Analysis of the add-on effect of α-glucosidase inhibitor, acarbose in insulin therapy: A pilot study.

作者信息

Li Feng-Fei, Fu Li-Yuan, Xu Xiao-Hua, Su Xiao-Fei, Wu Jin-Dan, Ye Lei, Ma Jian-Hua

机构信息

Department of Endocrinology, Nanjing First Hospital, Nanjing Medical University, Nanjing, Jiangsu 210012, P.R. China.
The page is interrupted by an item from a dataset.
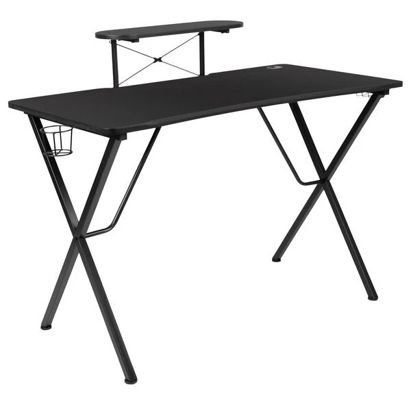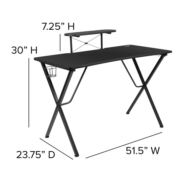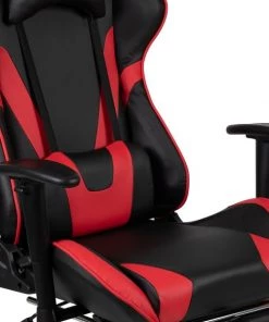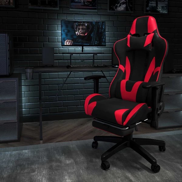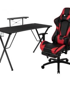 You're going to enjoy playing on this high-performance racing gaming chair with slide-out footrest. This modern gaming chair is paired with an ergonomic gaming desk that has a raised platform to reduce neck strain. If you sit for hours in an office chair you need a gaming chair that is comfortable, and this chair includes adjustable and removable headrest and lumbar pillows. For maximum support this office chair with footrest engages by pulling the loop then flipping the footrest up to elevate your feet and has a separate lever to recline the back 87° ~ 145°. Upgrade your gaming furniture with this desk and chair bundle that offers the perfect combination at an unbeatable price. The black top gamers table can hold up to two monitors and has two grommets for cable management. Always know where your headset is with the included headrest hook while you keep your desktop and pc gaming keyboard clear of accidental spills by placing hot and cold beverages in the cup holder. Your online followers will know that you're serious when they see you in your reclining gaming chair with footrest.

Nanjing University of Chinese Medicine, Nanjing, Jiangsu 210023, P.R. China.

出版信息

Biomed Rep. 2016 Oct;5(4):461-466. doi: 10.3892/br.2016.744. Epub 2016 Aug 25.

DOI:10.3892/br.2016.744
PMID:27699014
原文链接:https://pmc.ncbi.nlm.nih.gov/articles/PMC5038828/
Abstract

The aim of the present study was to evaluate the add-on effect of acarbose therapy in oxidative stress, and the lipid and inflammatory profiles of patients with type 2 diabetes mellitus (T2DM) treated with insulin. This was an open and unblended study. Patients (n=134) with T2DM (haemoglobin A range, 9.0-12.0%) were recruited. After continuous subcutaneous insulin infusion for 7 days for initial rapid correction of hyperglycaemia, a premixed insulin titration period (duration, 4-6 days) subsequently followed. Patients were then randomized (1:1) into two groups as follows: An acarbose plus pre-mixed 30/70 insulin group or a pre-mixed 30/70 insulin only group; each group received treatment for 2 weeks. Plasma high-sensitivity C-reactive protein (Hs-CRP), 8-iso-prostaglandin Fα (8-iso PGF), tumor necrosis factor-α (TNF-α), interleukin (IL)-1β, and IL-6 levels were measured before and after therapy. Patients that received acarbose plus insulin demonstrated greater reduction in 8-iso PGF, Hs-CRP, TNF-α, IL-1β and IL-6 levels when compared with the insulin only patients. Thus, acarbose add-on insulin therapy was identified to be associated with greater improvements in oxidative stress and inflammation in patients with T2DM when compared with those that received insulin only therapy.

摘要

本研究的目的是评估阿卡波糖治疗对接受胰岛素治疗的2型糖尿病(T2DM)患者氧化应激、脂质和炎症指标的附加作用。这是一项开放、非盲法研究。招募了糖化血红蛋白(HbA)范围为9.0 - 12.0%的T2DM患者(n = 134)。在连续皮下胰岛素输注7天以初步快速纠正高血糖后,随后进入预混胰岛素滴定期(持续时间4 - 6天)。然后将患者按1:1随机分为两组:阿卡波糖加预混30/70胰岛素组或仅预混30/70胰岛素组;每组接受治疗2周。在治疗前后测量血浆高敏C反应蛋白(Hs-CRP)、8-异前列腺素Fα(8-异PGF)、肿瘤坏死因子-α(TNF-α)、白细胞介素(IL)-1β和IL-6水平。与仅接受胰岛素治疗的患者相比,接受阿卡波糖加胰岛素治疗的患者在8-异PGF、Hs-CRP、TNF-α、IL-1β和IL-6水平上有更大幅度的降低。因此,与仅接受胰岛素治疗的患者相比,阿卡波糖联合胰岛素治疗被认为与T2DM患者氧化应激和炎症的更大改善相关。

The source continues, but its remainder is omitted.